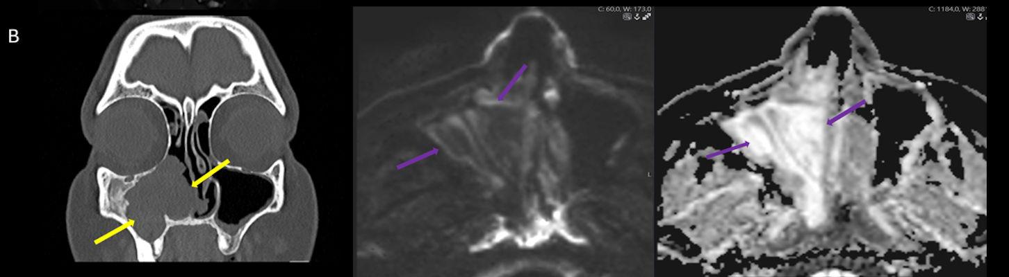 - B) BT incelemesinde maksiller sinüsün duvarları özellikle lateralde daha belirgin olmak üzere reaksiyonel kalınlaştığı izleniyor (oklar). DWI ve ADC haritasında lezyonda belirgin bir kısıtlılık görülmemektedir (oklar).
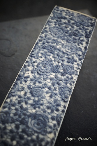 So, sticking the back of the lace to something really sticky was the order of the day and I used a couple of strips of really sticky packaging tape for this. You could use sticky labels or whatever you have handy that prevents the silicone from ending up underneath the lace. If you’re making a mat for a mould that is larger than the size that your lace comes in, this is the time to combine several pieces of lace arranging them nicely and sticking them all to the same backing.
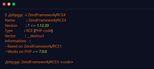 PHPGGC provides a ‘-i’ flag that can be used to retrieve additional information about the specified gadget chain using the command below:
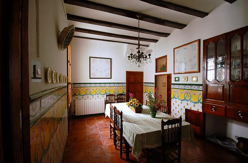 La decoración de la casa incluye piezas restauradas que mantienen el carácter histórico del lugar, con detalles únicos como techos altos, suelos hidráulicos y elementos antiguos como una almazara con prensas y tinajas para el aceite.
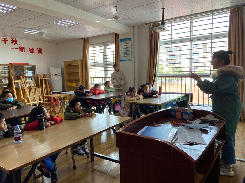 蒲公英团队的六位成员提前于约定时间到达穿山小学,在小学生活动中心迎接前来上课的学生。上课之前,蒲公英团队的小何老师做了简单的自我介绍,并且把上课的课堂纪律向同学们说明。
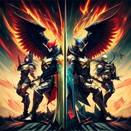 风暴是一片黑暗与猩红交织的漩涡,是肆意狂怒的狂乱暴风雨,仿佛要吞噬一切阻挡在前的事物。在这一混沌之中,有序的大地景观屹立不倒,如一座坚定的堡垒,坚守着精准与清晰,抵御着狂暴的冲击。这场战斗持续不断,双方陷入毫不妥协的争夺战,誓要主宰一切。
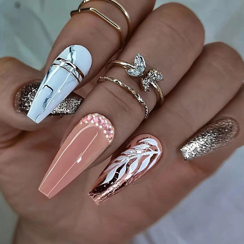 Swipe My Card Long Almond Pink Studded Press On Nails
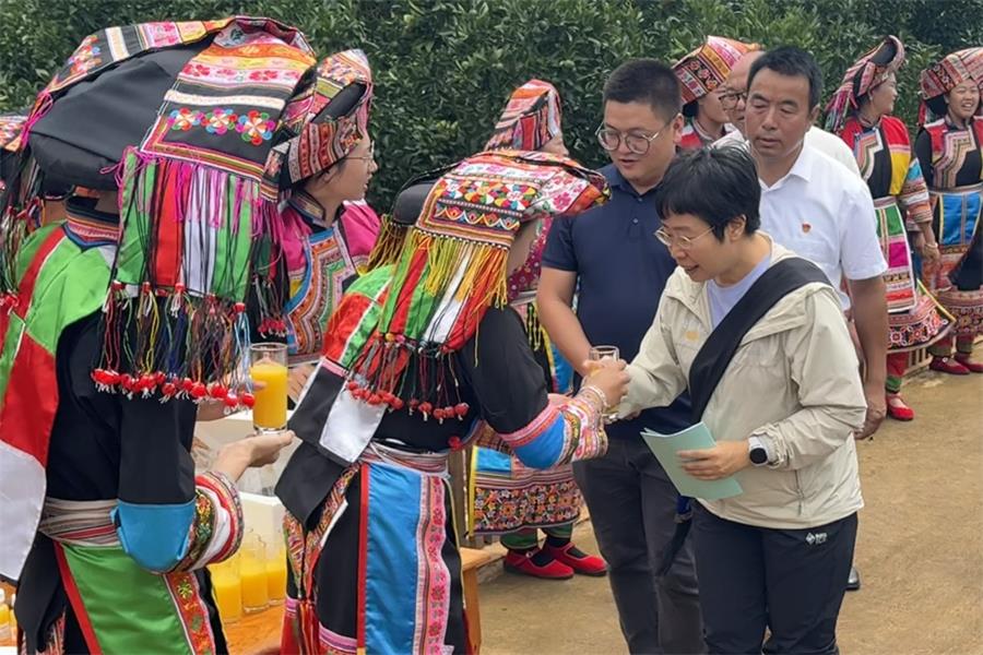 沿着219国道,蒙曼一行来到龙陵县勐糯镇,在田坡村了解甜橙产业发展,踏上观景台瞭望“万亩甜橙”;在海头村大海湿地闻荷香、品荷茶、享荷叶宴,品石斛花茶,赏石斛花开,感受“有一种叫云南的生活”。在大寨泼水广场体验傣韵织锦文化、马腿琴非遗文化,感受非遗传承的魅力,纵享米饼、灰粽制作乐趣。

* * *

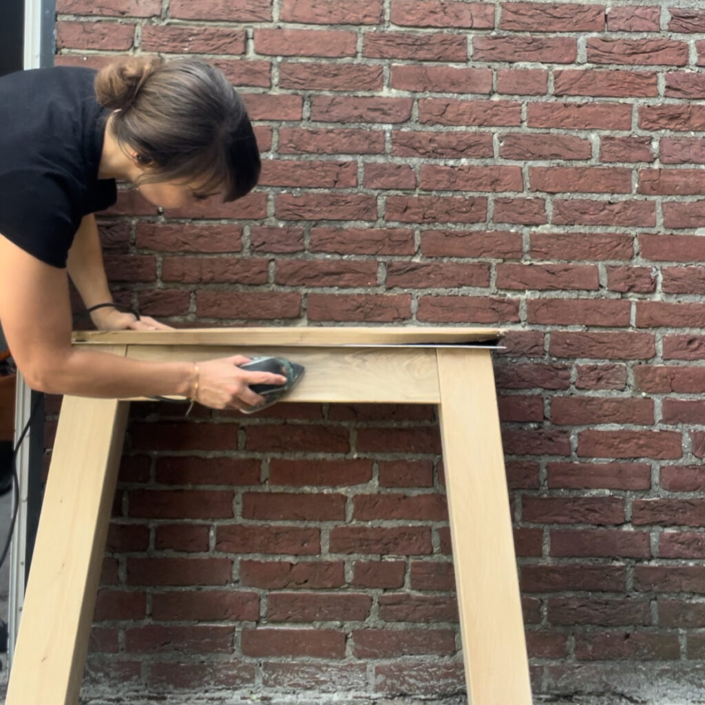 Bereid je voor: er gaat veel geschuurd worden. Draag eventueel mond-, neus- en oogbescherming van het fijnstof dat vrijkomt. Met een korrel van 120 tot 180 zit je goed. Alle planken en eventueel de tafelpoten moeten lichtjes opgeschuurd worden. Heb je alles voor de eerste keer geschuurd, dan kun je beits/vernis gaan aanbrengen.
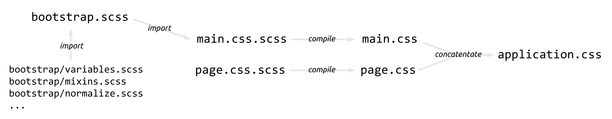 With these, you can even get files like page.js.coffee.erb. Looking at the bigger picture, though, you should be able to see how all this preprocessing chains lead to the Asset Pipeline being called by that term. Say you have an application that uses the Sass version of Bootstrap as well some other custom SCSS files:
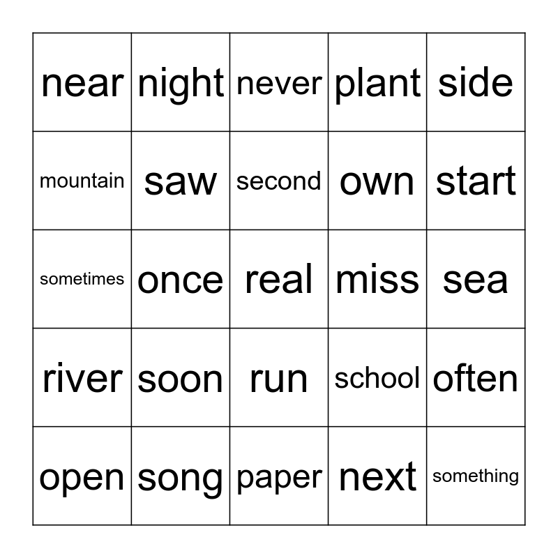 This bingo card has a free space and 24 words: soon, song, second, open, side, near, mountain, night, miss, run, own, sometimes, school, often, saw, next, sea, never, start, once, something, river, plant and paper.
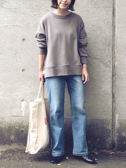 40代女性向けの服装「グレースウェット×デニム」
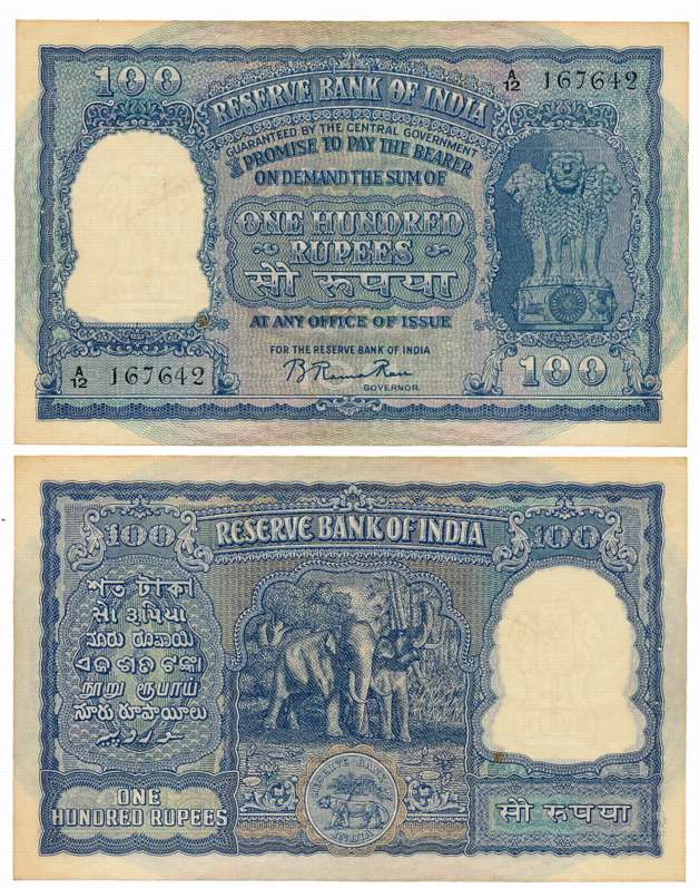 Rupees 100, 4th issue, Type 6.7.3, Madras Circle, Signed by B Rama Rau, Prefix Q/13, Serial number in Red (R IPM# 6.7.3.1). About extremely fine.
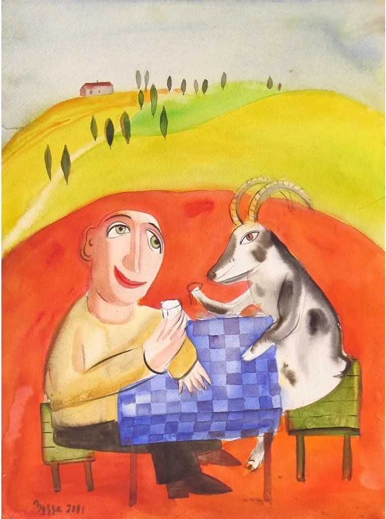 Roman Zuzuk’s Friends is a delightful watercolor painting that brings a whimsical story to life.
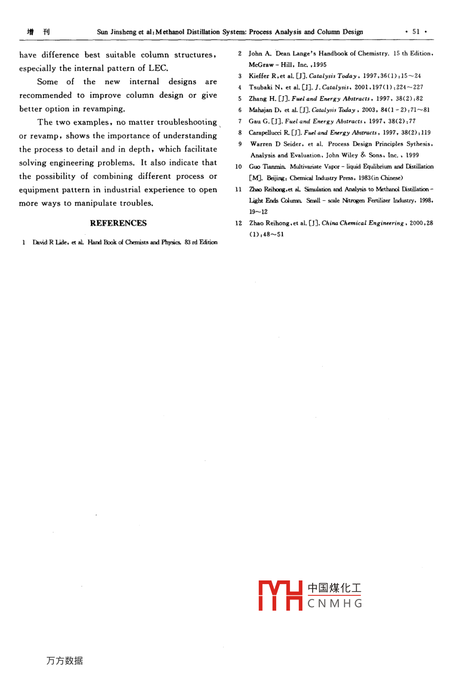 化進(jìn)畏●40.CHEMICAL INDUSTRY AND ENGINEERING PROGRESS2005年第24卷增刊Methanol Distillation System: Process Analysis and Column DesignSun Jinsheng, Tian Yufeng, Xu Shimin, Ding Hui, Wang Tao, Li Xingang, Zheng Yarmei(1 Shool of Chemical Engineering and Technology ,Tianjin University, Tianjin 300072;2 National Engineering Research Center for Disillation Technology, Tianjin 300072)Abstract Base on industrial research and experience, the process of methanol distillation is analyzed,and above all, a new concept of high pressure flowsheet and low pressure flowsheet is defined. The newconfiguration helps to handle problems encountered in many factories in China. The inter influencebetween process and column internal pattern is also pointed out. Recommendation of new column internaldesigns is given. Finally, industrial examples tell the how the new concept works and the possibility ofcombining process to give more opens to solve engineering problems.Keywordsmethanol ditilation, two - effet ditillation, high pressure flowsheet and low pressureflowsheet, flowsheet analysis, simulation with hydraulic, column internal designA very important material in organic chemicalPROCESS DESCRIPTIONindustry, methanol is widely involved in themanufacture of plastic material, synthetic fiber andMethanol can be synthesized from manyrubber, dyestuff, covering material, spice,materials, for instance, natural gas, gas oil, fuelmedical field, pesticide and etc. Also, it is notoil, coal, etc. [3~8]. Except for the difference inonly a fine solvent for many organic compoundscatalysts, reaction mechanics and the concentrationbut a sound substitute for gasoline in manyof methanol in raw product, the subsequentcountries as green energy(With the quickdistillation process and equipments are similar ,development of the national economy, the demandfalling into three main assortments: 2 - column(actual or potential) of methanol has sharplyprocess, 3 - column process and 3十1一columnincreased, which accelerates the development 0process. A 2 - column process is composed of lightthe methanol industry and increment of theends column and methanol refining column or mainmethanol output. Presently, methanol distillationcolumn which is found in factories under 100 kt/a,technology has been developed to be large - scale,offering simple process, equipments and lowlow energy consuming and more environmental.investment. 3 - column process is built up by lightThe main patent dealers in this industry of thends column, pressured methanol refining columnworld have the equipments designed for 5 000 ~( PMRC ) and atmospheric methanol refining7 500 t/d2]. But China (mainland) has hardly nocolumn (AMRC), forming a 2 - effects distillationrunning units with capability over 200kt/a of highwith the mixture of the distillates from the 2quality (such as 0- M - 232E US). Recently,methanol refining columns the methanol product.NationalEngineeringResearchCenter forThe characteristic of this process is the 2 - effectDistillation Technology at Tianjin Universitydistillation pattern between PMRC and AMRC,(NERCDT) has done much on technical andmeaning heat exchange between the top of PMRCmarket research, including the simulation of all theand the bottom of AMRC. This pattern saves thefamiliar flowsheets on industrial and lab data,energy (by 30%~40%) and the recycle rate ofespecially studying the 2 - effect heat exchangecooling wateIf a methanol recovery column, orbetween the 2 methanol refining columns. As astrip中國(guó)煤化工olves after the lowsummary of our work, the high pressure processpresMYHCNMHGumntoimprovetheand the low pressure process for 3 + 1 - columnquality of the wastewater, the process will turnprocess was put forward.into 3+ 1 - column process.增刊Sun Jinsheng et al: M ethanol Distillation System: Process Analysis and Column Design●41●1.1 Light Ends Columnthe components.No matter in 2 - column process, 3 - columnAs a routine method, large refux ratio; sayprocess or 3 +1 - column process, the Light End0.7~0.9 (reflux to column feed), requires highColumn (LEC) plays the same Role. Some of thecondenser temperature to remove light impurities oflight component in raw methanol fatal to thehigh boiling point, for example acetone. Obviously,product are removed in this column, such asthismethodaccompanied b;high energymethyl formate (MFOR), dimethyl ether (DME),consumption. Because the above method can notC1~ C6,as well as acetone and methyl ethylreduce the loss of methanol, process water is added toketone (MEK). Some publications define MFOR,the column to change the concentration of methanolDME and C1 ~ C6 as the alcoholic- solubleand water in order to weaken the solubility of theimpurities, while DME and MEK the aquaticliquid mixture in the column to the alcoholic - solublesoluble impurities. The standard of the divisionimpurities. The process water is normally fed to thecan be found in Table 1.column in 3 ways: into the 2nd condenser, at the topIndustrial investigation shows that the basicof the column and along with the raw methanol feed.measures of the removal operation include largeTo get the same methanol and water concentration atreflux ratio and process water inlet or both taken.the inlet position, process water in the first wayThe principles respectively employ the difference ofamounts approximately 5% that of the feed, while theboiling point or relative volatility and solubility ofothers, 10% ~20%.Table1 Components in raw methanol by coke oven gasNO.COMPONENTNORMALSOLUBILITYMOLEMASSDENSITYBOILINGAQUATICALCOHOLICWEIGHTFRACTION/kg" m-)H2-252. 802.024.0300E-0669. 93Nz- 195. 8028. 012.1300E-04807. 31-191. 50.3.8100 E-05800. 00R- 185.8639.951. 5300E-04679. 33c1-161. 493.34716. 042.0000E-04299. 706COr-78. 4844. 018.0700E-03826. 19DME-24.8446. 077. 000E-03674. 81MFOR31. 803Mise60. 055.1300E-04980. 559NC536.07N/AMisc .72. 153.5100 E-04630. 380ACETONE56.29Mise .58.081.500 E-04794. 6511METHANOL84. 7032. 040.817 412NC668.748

==

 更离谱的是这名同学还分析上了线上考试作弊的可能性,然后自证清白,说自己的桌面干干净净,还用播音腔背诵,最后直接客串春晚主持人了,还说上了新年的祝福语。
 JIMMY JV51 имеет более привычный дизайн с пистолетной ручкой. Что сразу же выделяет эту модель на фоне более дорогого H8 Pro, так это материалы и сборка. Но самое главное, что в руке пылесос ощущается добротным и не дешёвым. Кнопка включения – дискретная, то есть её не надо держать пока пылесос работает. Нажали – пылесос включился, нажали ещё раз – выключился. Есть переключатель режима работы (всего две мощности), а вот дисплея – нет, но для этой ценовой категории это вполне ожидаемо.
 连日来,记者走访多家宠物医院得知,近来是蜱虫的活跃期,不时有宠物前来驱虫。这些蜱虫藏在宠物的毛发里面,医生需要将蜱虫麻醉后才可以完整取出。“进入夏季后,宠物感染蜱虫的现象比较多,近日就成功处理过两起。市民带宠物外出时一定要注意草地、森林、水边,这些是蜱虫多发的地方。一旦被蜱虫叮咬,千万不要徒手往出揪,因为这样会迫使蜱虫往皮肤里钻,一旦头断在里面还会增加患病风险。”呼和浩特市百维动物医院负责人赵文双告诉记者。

→ What to work on: Quote the data above exactly from the line with "So, sticking the" to the line with "沿着219国道,蒙曼一行来到", both ends counted, and nothing else. Pictures don't go in.

→ Task output:
 So, sticking the back of the lace to something really sticky was the order of the day and I used a couple of strips of really sticky packaging tape for this. You could use sticky labels or whatever you have handy that prevents the silicone from ending up underneath the lace. If you’re making a mat for a mould that is larger than the size that your lace comes in, this is the time to combine several pieces of lace arranging them nicely and sticking them all to the same backing.
 PHPGGC provides a ‘-i’ flag that can be used to retrieve additional information about the specified gadget chain using the command below:
 La decoración de la casa incluye piezas restauradas que mantienen el carácter histórico del lugar, con detalles únicos como techos altos, suelos hidráulicos y elementos antiguos como una almazara con prensas y tinajas para el aceite.
 蒲公英团队的六位成员提前于约定时间到达穿山小学,在小学生活动中心迎接前来上课的学生。上课之前,蒲公英团队的小何老师做了简单的自我介绍,并且把上课的课堂纪律向同学们说明。
 风暴是一片黑暗与猩红交织的漩涡,是肆意狂怒的狂乱暴风雨,仿佛要吞噬一切阻挡在前的事物。在这一混沌之中,有序的大地景观屹立不倒,如一座坚定的堡垒,坚守着精准与清晰,抵御着狂暴的冲击。这场战斗持续不断,双方陷入毫不妥协的争夺战,誓要主宰一切。
 Swipe My Card Long Almond Pink Studded Press On Nails
 沿着219国道,蒙曼一行来到龙陵县勐糯镇,在田坡村了解甜橙产业发展,踏上观景台瞭望“万亩甜橙”;在海头村大海湿地闻荷香、品荷茶、享荷叶宴,品石斛花茶,赏石斛花开,感受“有一种叫云南的生活”。在大寨泼水广场体验傣韵织锦文化、马腿琴非遗文化,感受非遗传承的魅力,纵享米饼、灰粽制作乐趣。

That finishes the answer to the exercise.